The second is the Sustainable Facilities Tool – also available as an app. It's incredibly thorough in its treatment of sustainability providing guidance on building and workplace design to support sustainable practices and evaluate options for implementing them in the workplace. Search with the word 'people' on the site search bar and you get things ranging from flexibility, light, and asthma, to ergonomics.
This tool is being updated all the time and is well worth playing around with to see the wealth of data and useful tips that would add to any organization design work that is looking at the impact of space design on people's motivation and productivity. I have some information from here ready to share in the workshop I'm facilitating next week.
The third is the 3P lean tool which I hadn't seen in operation. There are a lot of books written about it but a handy one-pager that gives an overview is available here. Most of the writing about the tool relates to its use in a manufacturing situation but we were using it in a service delivery project. Being part of the lean suite of stuff you can do all kinds of certifications and development activity to become a master but I think (masters correct me if I'm wrong) that it is usable by an organization design/development person who grasps the basics of it. I'm holding it in reserve till I've talked with the expert and got more info.

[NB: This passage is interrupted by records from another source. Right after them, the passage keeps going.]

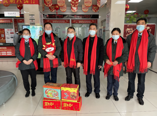 從大年初一到初五,每天,都有市分公司領(lǐng)導(dǎo)帶隊到各縣分公司和營業(yè)局優(yōu)秀支局網(wǎng)點慰問。在每一個支局,市分公司領(lǐng)導(dǎo)向支局的員工圍上了大紅圍巾,用這火一樣的紅色表達了大家對新春的期盼,對中國郵政的美好祝福! 在宿州分公司,只有一位員工是留置在宿但在親戚家過年,宿州郵政工會向其單獨發(fā)放了水餃、紅包和春節(jié)慰問品。春節(jié)期間,支局依然沒有休假,像往常一樣工作、生活在支局,宿州郵政工會慰問了所有的支局員工。為了解決分揀員和投遞員因春節(jié)期間餐飲服務(wù)業(yè)多數(shù)停業(yè)而就餐困難的問題,宿州郵政工會為全市分揀和投遞人員購買了3800份快餐面、火腿腸等食品,發(fā)放了15000元的酒精、口罩、手套、洗手液等防疫物資。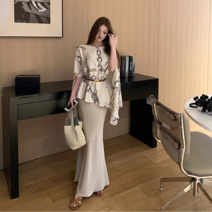 RHGD实拍气质吊带连衣裙+小众设计印花双面缎斗篷套装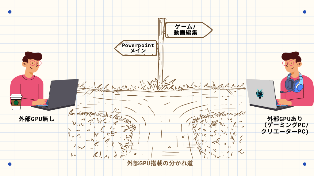 #20. ゲーム/ 動画編集 Powerpoint メイン 外部GPU無し 外部GPUあり (ゲーミングPC/ クリエーターPC) 外部GPU搭載の分かれ道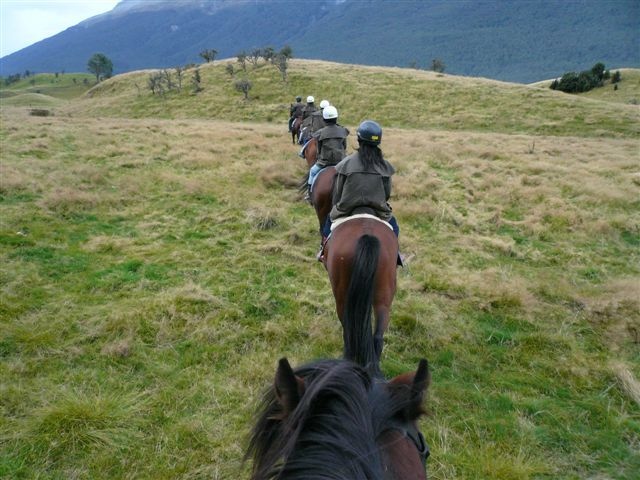 騎馬屬於自費活動,團員自行決定要不要參加,除了曉慧她們以外,六人要去騎馬,於是將曉慧她們丟棄在皇后鎮市區自生自滅,ㄜ…沒那麼狠啦,是在市區放她們下去自由逛街,並約定時間地點來接她們,之後便到騎馬場地去了。看曉慧的照片,她們下午的行程就在是去逛街,搭乘纜車到山頂上俯看整個皇后鎮,玩類似軌道碰碰車的東東,好像滿好玩的。

Then there are the movies (films) people recommended during the week. This is a more eclectic collection that tended to crop up between the cracks of the earnest work discussions, but they all came up in the work context so must have some relevance (maybe?). So on my Netflix list I now have:
- Showboat: I can't remember who gave this to me or why this appeared and the brief description of it "The daughter of a riverboat captain falls in love with a charming gambler, but their fairytale romance is threatened when his luck turns sour ". only served to perplex me further.
- The Gravy Train Goes East: Which is about a "Newly-elected President of Slaka, romantic novelist Katya Pricip,who is determined to see her country in the EC, enjoying the fruits of the free market". I see the connection though with my work as I'm doing a small project with the EC.
- Buckaroo: described as "Jerome, a troubled gang member, is sent to work on a farm. Within the journey, he discovers there is more to him, and realizes the direction he must point his life to." I do know who gave me this title but again don't remember why. But it's the same person who also recommended
- Beginners: which is about "A young man [who] is rocked by two announcements from his elderly father: that he has terminal cancer, and that he has a young male lover". This may have a bearing as I have an elderly mother who has cancer [but not terminal] but as far as I am aware she does not have a young male lover – perhaps she wishes she does.
With all the above to do something with at some stage I was very relieved to get only two You Tube recommendations. The first – because I fly United Airlines a lot – is the United Airlines guitar song. It's only 4.5 minutes so I seized the moment and listened to it.
Then to combat my rampant optimism a colleague recommended that I listen to Alain de Botton talking about Pessimism. I listened and found it absolutely worth the 38 minutes. Having just finished reading Strength in What Remains by Tracy Kidder, about a Burundian who survived the genocide I think de Botton presents a great argument, even so I hope I remain a pragmatic optimist.